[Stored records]
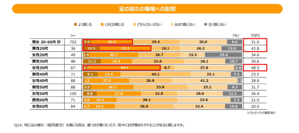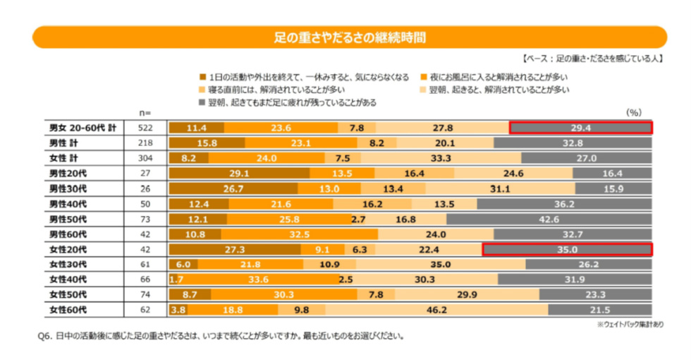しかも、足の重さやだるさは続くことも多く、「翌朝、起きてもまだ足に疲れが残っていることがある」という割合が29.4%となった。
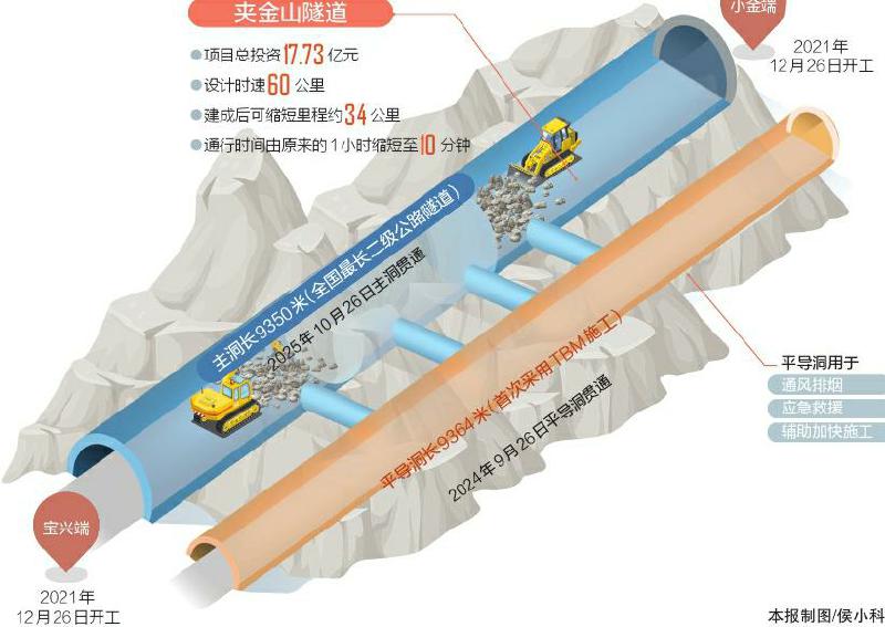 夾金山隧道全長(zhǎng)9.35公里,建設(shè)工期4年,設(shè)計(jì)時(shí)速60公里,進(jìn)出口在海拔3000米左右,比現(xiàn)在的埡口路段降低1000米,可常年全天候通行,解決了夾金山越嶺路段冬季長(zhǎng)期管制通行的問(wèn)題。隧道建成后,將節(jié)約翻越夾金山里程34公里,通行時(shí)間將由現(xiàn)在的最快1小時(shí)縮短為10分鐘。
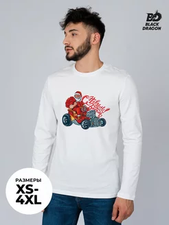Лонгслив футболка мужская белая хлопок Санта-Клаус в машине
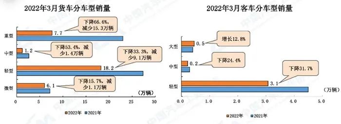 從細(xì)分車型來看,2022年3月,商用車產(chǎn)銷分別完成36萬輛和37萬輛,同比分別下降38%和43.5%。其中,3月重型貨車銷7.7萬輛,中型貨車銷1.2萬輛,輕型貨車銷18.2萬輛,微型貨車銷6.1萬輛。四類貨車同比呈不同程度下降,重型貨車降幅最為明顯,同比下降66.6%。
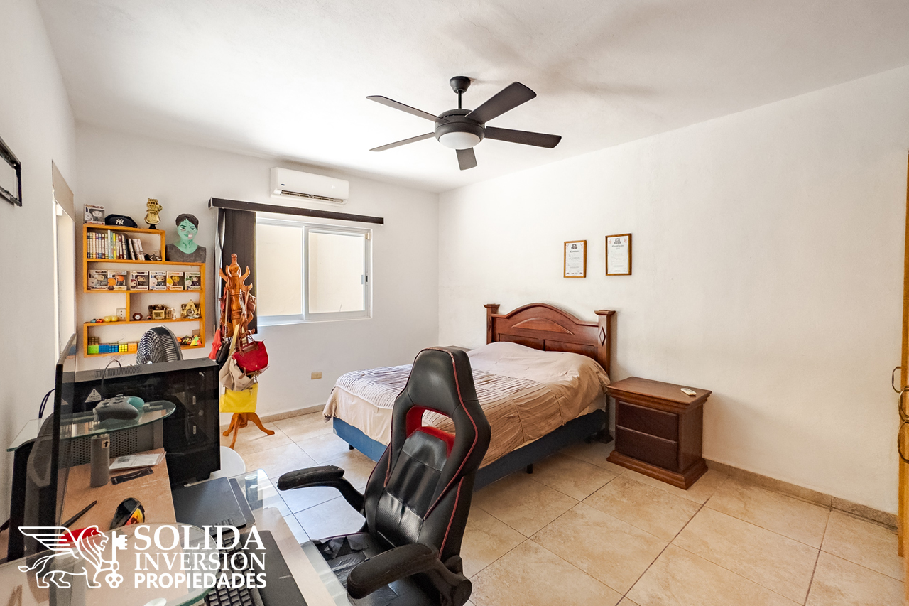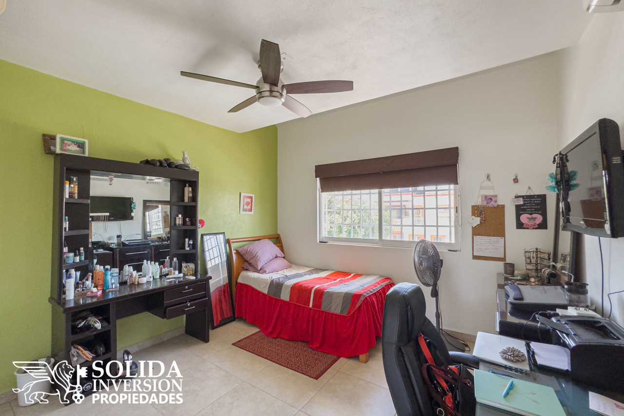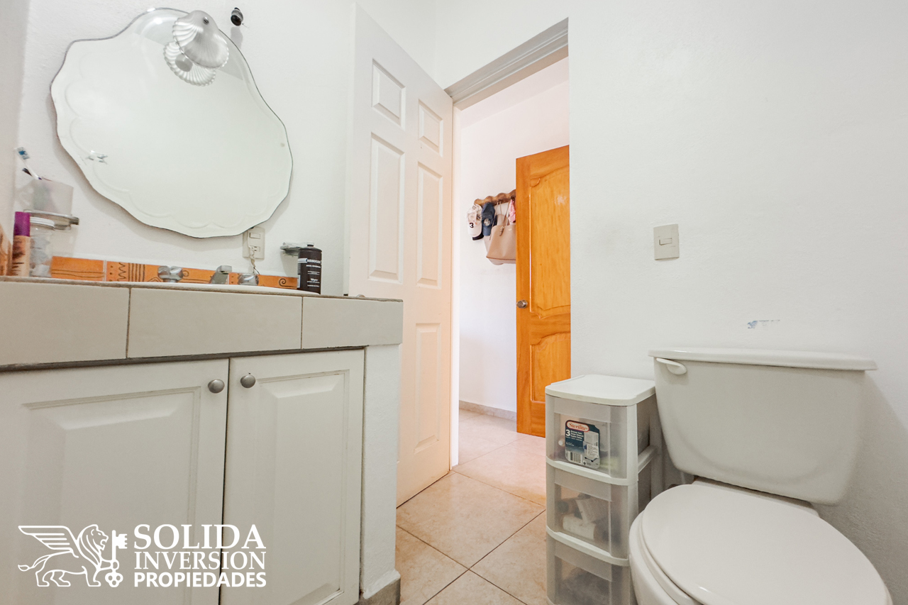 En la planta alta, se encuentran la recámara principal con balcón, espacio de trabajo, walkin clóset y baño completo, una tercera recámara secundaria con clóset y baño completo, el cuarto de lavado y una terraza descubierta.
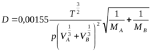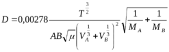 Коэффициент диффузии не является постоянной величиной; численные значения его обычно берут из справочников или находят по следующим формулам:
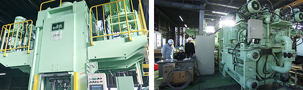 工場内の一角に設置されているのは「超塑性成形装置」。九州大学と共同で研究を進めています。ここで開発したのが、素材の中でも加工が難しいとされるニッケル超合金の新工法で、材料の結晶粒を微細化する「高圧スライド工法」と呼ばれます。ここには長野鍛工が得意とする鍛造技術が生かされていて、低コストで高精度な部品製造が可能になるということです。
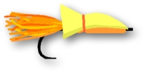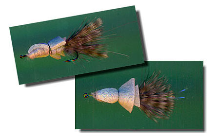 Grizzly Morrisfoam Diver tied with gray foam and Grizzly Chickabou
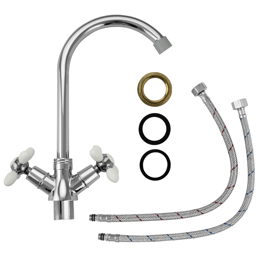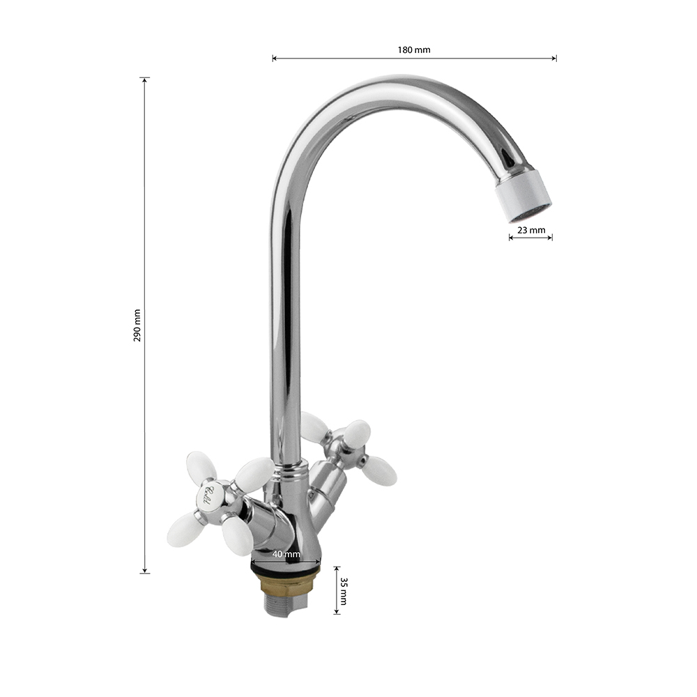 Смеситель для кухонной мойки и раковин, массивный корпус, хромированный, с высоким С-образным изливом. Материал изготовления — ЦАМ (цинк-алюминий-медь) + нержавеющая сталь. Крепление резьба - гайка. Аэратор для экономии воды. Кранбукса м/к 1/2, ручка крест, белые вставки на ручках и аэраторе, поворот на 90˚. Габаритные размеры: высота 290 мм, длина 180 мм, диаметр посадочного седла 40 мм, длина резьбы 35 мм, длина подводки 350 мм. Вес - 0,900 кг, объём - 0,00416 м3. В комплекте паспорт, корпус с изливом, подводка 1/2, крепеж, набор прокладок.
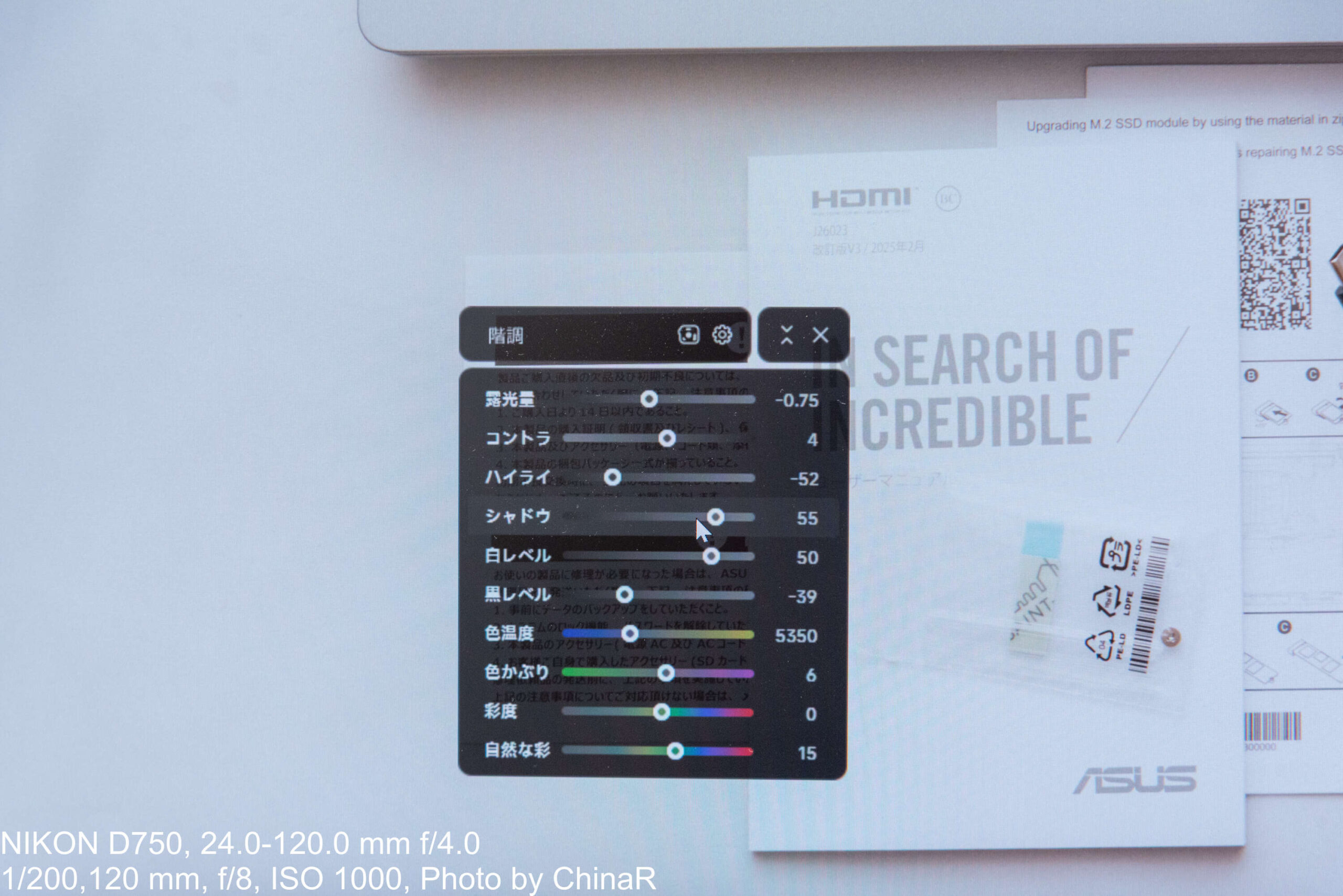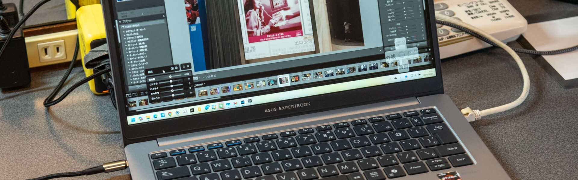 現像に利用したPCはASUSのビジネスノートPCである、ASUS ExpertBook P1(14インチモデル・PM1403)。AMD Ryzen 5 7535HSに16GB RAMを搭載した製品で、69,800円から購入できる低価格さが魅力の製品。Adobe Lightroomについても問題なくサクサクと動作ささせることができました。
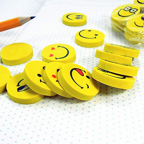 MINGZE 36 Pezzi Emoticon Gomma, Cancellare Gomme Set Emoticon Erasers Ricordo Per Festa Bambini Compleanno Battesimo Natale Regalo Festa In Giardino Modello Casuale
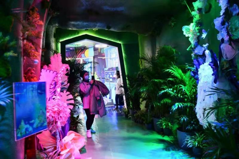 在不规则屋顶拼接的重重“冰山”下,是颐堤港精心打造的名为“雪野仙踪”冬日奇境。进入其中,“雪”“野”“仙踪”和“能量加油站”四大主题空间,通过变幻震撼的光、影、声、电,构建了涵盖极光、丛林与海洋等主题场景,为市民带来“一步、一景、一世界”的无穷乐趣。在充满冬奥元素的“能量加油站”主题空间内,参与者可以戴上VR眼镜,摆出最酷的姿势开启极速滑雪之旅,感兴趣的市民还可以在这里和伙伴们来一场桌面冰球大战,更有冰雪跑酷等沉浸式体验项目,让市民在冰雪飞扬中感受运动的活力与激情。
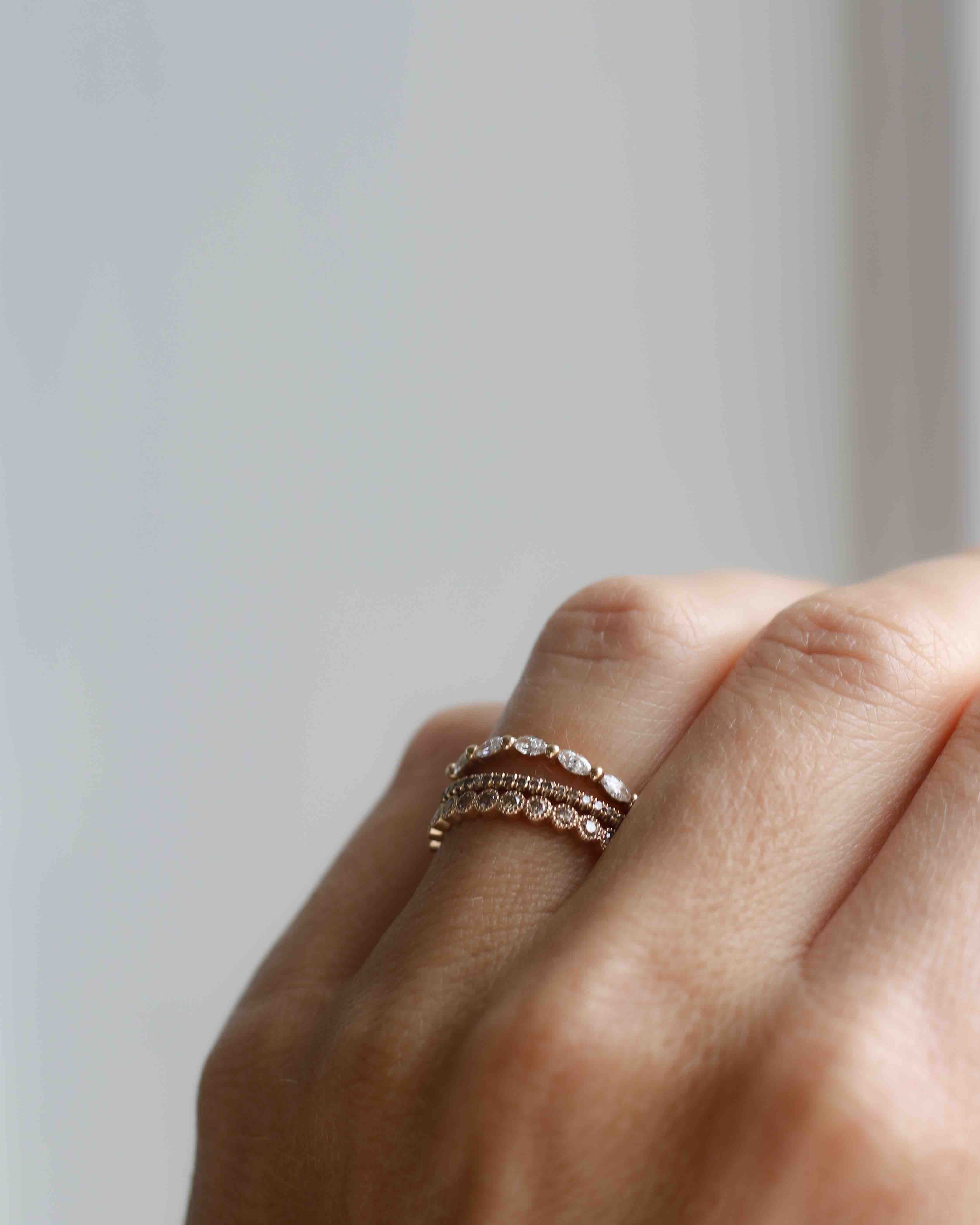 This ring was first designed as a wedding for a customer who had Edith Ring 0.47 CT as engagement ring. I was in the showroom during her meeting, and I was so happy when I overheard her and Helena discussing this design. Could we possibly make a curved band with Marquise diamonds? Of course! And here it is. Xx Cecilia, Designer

#### Task
Set down again, word for word, every line from the one with "夾金山隧道全長(zhǎng)" to the one with "Лонгслив футболка мужская" in the entries above, and omit the pictures.

#### Solution to this problem
 夾金山隧道全長(zhǎng)9.35公里,建設(shè)工期4年,設(shè)計(jì)時(shí)速60公里,進(jìn)出口在海拔3000米左右,比現(xiàn)在的埡口路段降低1000米,可常年全天候通行,解決了夾金山越嶺路段冬季長(zhǎng)期管制通行的問(wèn)題。隧道建成后,將節(jié)約翻越夾金山里程34公里,通行時(shí)間將由現(xiàn)在的最快1小時(shí)縮短為10分鐘。
Лонгслив футболка мужская белая хлопок Санта-Клаус в машине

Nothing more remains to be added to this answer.